Mit der Ladung für eine erkennungsdienstliche Behandlung durch die Polizei entstehen viele Fragen bei dem Betroffenen, welche Ich im Folgenden erörtern möchte:

  • Was passiert bei einer erkennungsdienstlichen Behandlung?
  • Wozu dient die erkennungsdienstliche Behandlung
  • Was sind die Voraussetzungen einer erkennungsdienstlichen Behandlung?
  • Muss ich hingehen?
  • Was muss ich vor Ort beachten?
  • Darf ich einen Verteidiger mitnehmen?
  • Habe ich die Möglichkeit die erkennungsdienstliche Behandlung zu vermeiden?


Was passiert bei einer erkennungsdienstlichen Behandlung?
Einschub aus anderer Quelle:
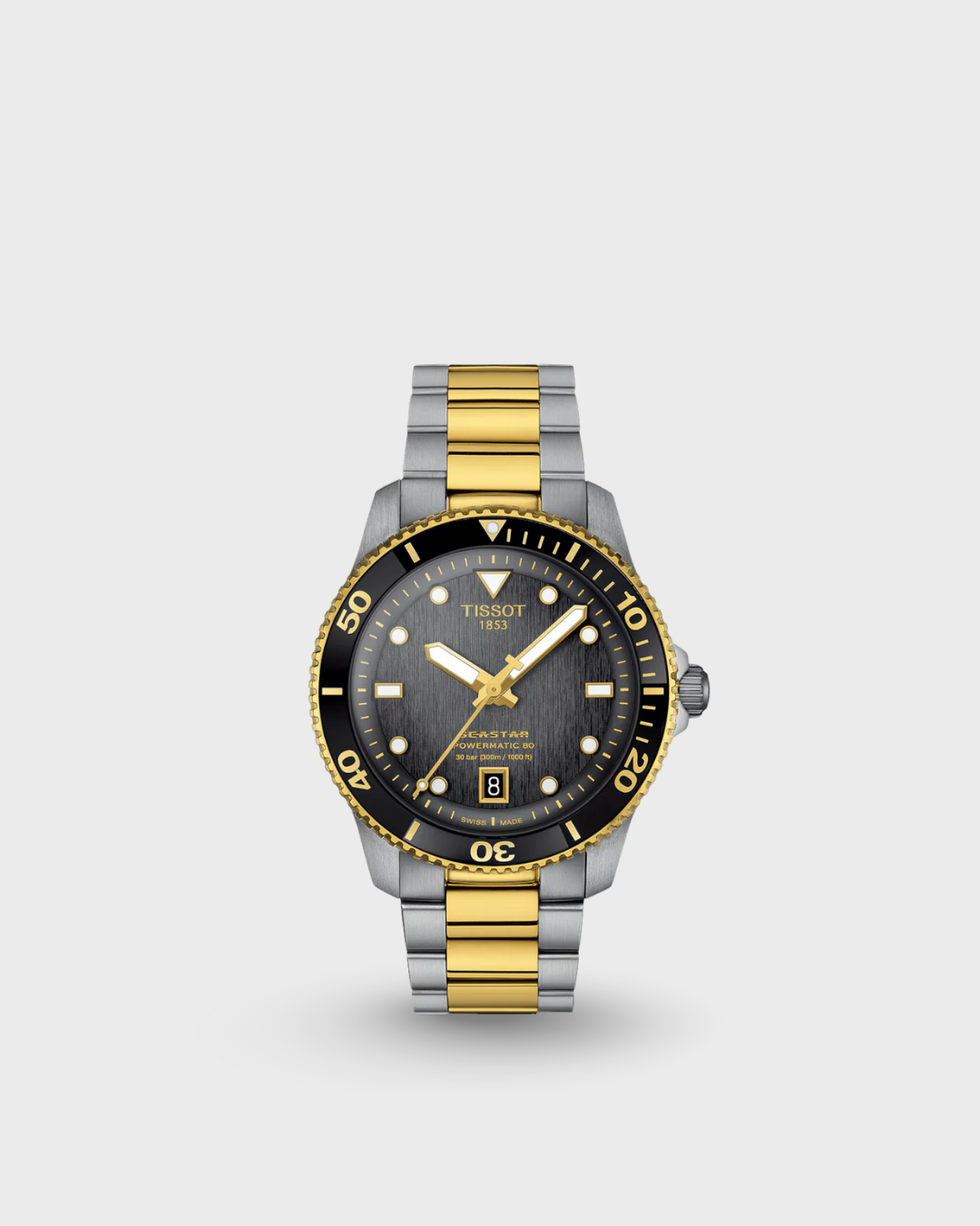 This updated edition of one of Tissot’s main collections now introduces a 40mm casing option with the Powermatic 80 at its heart. For this new release, the casing has undergone a subtle transformation, incorporating a notch along its case edges, resulting in a more compact and sophisticated appearance. These timepieces are perfect for those in search of a sporty yet assertive accessory, offering water resistance up to 1000 feet (300 meters) and improved visibility in dim conditions thanks to the Super-LumiNova® coated hands and hour markers. This release features five distinct models, varying in dial colors and finishes from stainless steel to bi-color combinations, including unique blue to black gradients and exclusive black PVD-coated options. Each variant delivers a unique aesthetic while maintaining the collection’s signature sporty yet bold appeal.

Zusammengefasst lässt sich sagen: Die Ermittlungsbehörden erheben Daten. Im Einzelnen geht die Befugnis der Polizei von der Feststellung des Namens, des Wohnortes und des Geburtsdatums, über das Nehmen von Fingerabdrücken (auch Handflächen- und Fußabdrücke) bis hin zur Anfertigung von Lichtbildern oder der Messung von Körpergröße oder Körpergewicht. Es gibt keine abschließende Aufzählung der Befugnisse der Ermittlungsbehörden im Rahmen der ED-Behandlung. Die Maßnahme muss allerdings der Feststellung der körperlichen Beschaffenheit der Person dienen. Es sind demnach nur äußere Eindrücke zu erfassen, wie Narben, Tattoos oder sonstige körperliche Merkmale, die dauerhaft der Identifizierung einer Person dienen können – sei es durch Fotos oder beispielsweise Vermessen der Merkmale. Eine körperliche Untersuchung darf im Rahmen der Norm des § 81b StPO nicht vorgenommen werden.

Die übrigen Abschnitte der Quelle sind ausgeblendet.